Belgian writer and scientist

Johan Lambert Trudo Maria Bollen (born 1971) is a scientist investigating complex systems and networks, the relation between social media and a variety of socio-economic phenomena such as the financial markets, public health, and social well-being, as well as Science of Science with a focus on impact metrics derived from usage data. He presently works as Professor of Informatics and Cognitive Science at Indiana University Bloomington and a fellow at the SparcS Institute of Wageningen University and Research Centre in the Netherlands. He is best known for his work on computational social science, scholarly impact metrics, measuring public well-being from large-scale social media data, and correlating Twitter mood to stock market prices.

He has taught courses on collective intelligence, data mining, information retrieval, and digital libraries. His research has been funded by National Institute of Health, The Andrew W. Mellon Foundation, National Science Foundation, Library of Congress, National Aeronautics and Space Administration and the Los Alamos National Laboratory. In his free time, he DJs at the Root Cellar Lounge in Bloomington, Indiana. He specializes in Deep House and Techno.

==Biography==
Bollen received his MS in experimental psychology from the Free University of Brussels in 1993 after a master thesis "Learning to Select Activities: a Conditionable System for an Autonomous Robot that Learns to Use Drive Reduction as Reinforcement." He defended his Ph.D. in psychology from the Free University of Brussels in October 2001 on the subject of cognitive models of human hypertext navigation. From 2002 to 2005 he was an assistant professor at the Department of Computer Science of Old Dominion University. He was a staff scientist at the Los Alamos National Laboratory from 2005 to 2009. He is currently a professor of Informatics and Cognitive Science at Indiana University.

==Work==
Bollen's work has been extensively covered in the press and popular media and has received over 21,000 citations (2024 h-index 47). Bollen was awarded two patents: one for "Usage based indicators to assess the impact of scholarly works: architecture and method" (US 8135662 B2) and "Predicting economic trends via network communication mood tracking" (US 8380607 B2). His work has found widespread application, e.g. in systems for digital library recommendations systems (Ex Libris bX Recommender Service) and in systems that use social media information to generate financial trading signals. As a result of his work on predicting the stock market based on Twitter mood, Derwent Capital Markets started the Absolute Return fund, the worlds's first Twitter hedge fund. However, it later shut down after thirteen months.

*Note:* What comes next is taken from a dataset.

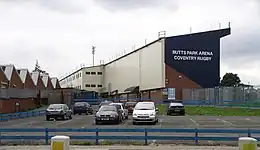 Butts Park Arena is a multi-use sports stadium in Spon End, Coventry, England. Its main use is as a rugby stadium (both union and league). It is the home ground for Coventry R.F.C. (since its opening) and was the home of Midlands Hurricanes (who moved there for the start of the 2004–05 season as Coventry Bears). It was also formerly the home ground of the Coventry Jets, an American football team. From the 2017–18 season, the stadium is also the home of Coventry United, a non league football club and their Ladies team who play in the second tier FA Women's Championship.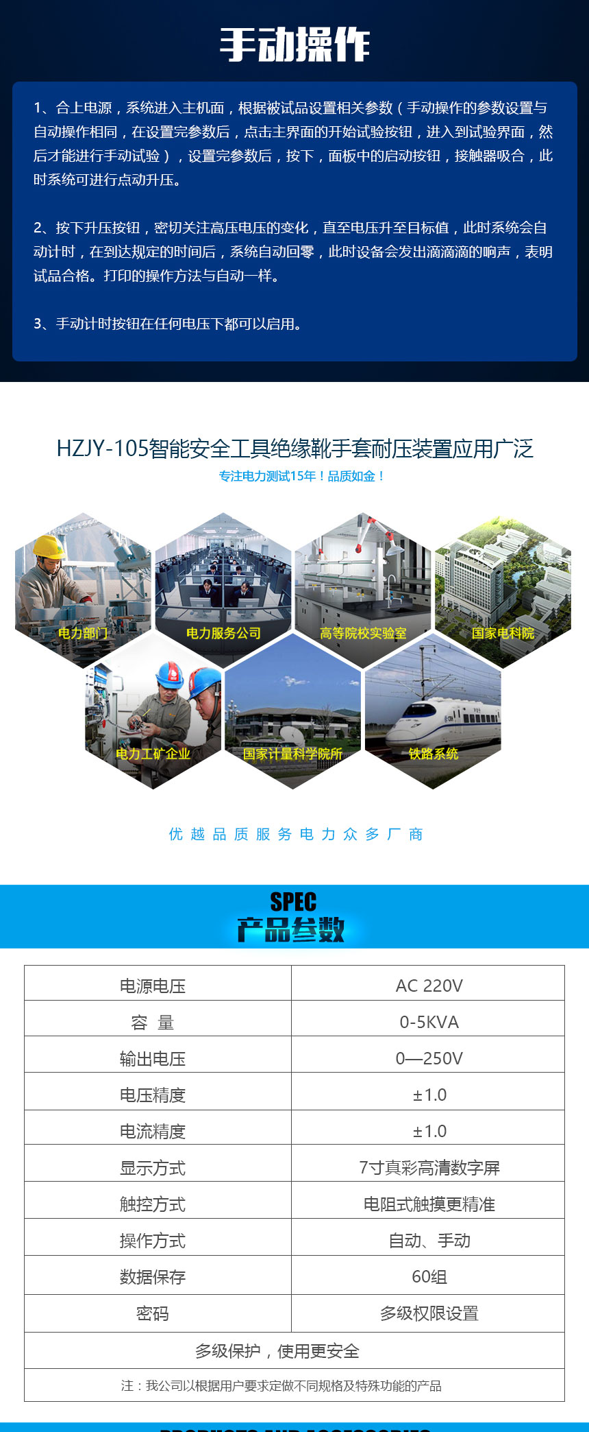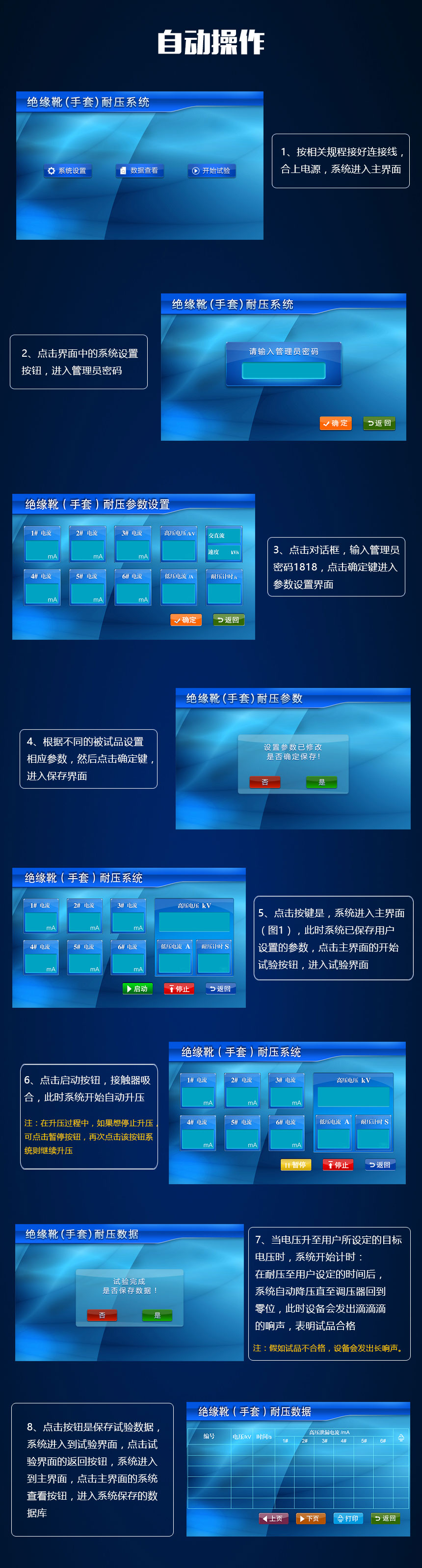 HZJY-105智能安全工具絕緣靴手套耐壓裝置,采用先進(jìn)的微電子處理技術(shù),全部使用過程可提前進(jìn)行設(shè)置,全中文界面,操作簡單明了。全部測試項(xiàng)目設(shè)定后自動進(jìn)行測試,無須人工干預(yù)。

==Selected academic works==
Bollen has published over 100 papers. A selection of the highly cited ones:
- 2011, Twitter mood predicts the stock market.
- 2005, Co-authorship networks in the digital library research community.
- 2009, Modeling public mood and emotion: Twitter sentiment and socio-economic phenomena
- 2006: Bollen, Johan; Rodriquez, Marko A.; Van de Sompel, Herbert (2006). "Journal status". Scientometrics. 69 (3): 669–687.
- 2009, A Principal Component Analysis of 39 Scientific Impact Measures
- 2005, Toward alternative metrics of journal impact: A comparison of download and citation data
- 2014, Proposed SOFA, a new method for distribution of research funding.